CMA’s eight-point reform agenda include reviewing of the current legal and regulatory framework and the setting up of dispute resolution mechanisms.

"The agenda also aims at facilitating cross-border transactions and harmonizing the region’s legal and regulatory framework to give more confidence to firms listed on two or more stock exchanges," reckons Stella Kilonzo, the authority’s chief executive.

In the short and medium-term period, the authority in consultation with stakeholders plan to formulate prudential guidelines akin to those used in the banking sector so as to ensure that all licensees publish their accounts.

Mandatory guidelines

It will also ensure that all market intermediaries that collect funds from the public must secure professional indemnity insurance to cover liabilities arising from cases of negligence or omissions.

Other critical reforms include, among others, making corporate governance guidelines mandatory for licensees handling public funds and a requirement that will see all licensees fully automate their back offices.

Kilonzo says the authority would also introduce new financial products to allow organisations to raise cheap and long-term capital.

"This will be achieved by deepening the existing products, developing new products and advocating for privatization through the Nairobi Stock Exchange," says Kilonzo.

Kilonzo views the proposed review of the market structure would accommodate different classes of issuers and investors, a move that is critical to the review process.

The CMA was established through an Act of Parliament with a mandate of regulate and facilitate the development of an orderly, fair and efficient capital markets.

"The potential of the local capital markets is great as has been witnessed over the years where some of the counters have realized very impressive gains," explains Kilonzo.

Investor awareness vital

She was, however, cautious to point out that investor awareness is vital, since market abuses and malpractice target the unsophisticated investor.

"The best way to protect such investors is to raise their knowledge base and skills on issues related to investment in equities," she says.

The Kenyan capital markets offer an array of investment products in the form of shares, bonds and unit trusts.

The type of products chosen by the investor to commit his or her capital, however, depends largely on financial goals, timeframe and amount of capital available.

Unit trusts have grown popularity in recent years.
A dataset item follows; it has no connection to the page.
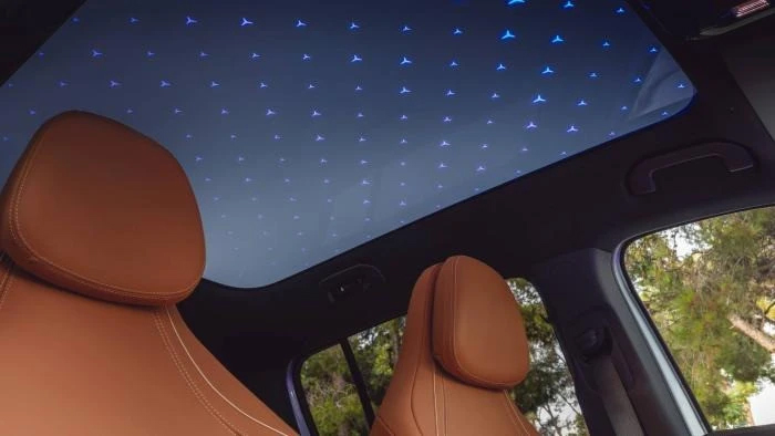 Αυτό που επίσης εντυπωσιάζει, η νέα γυάλινη ηλεκτροχρωματική πανοραμική οροφή που με το πάτημα ενός κουμπιού φανερώνει φωτεινά μοτίβα αστεριών. Αναβαθμίσεις υπάρχουν και στο head-up display που προβάλλει με καθαρά γραφικά όλες τις χρήσιμες πληροφορίες στο οπτικό πεδίο του οδηγού.

Official data from CMA indicates that the number of approved unit trust funds have grown from virtually zero in 2001 to 11 in 2008.

Unit trusts have since proved to be an ideal investment vehicle for small investors to diversify their investment portfolio without the limitation available cash for investment.

"As a market becomes sophisticated and more volatile, unit trusts become safe havens for less, sophisticated and less capitalised, conservative individuals in the market," says Kilonzo.

A unit trust fund is an investment scheme that pools money together from many investors who share the same financial objective to be managed by a group of professional managers.

The managers invest the pooled money in a portfolio of securities such as shares, bonds and money market instruments or other authorized securities to achieve the objectives of the fund.

The CMA acknowledges that institutional and market infrastructure reforms already initiated has enabled the capital markets to play a pivotal role in the country’s economic recovery effort.

These include among others automation of the authority’s processes through development of a workflow system, which is currently underway, and the adoption of risk-based supervision to ensure that CMA’s resources are channelled to areas posing greatest risk to the market.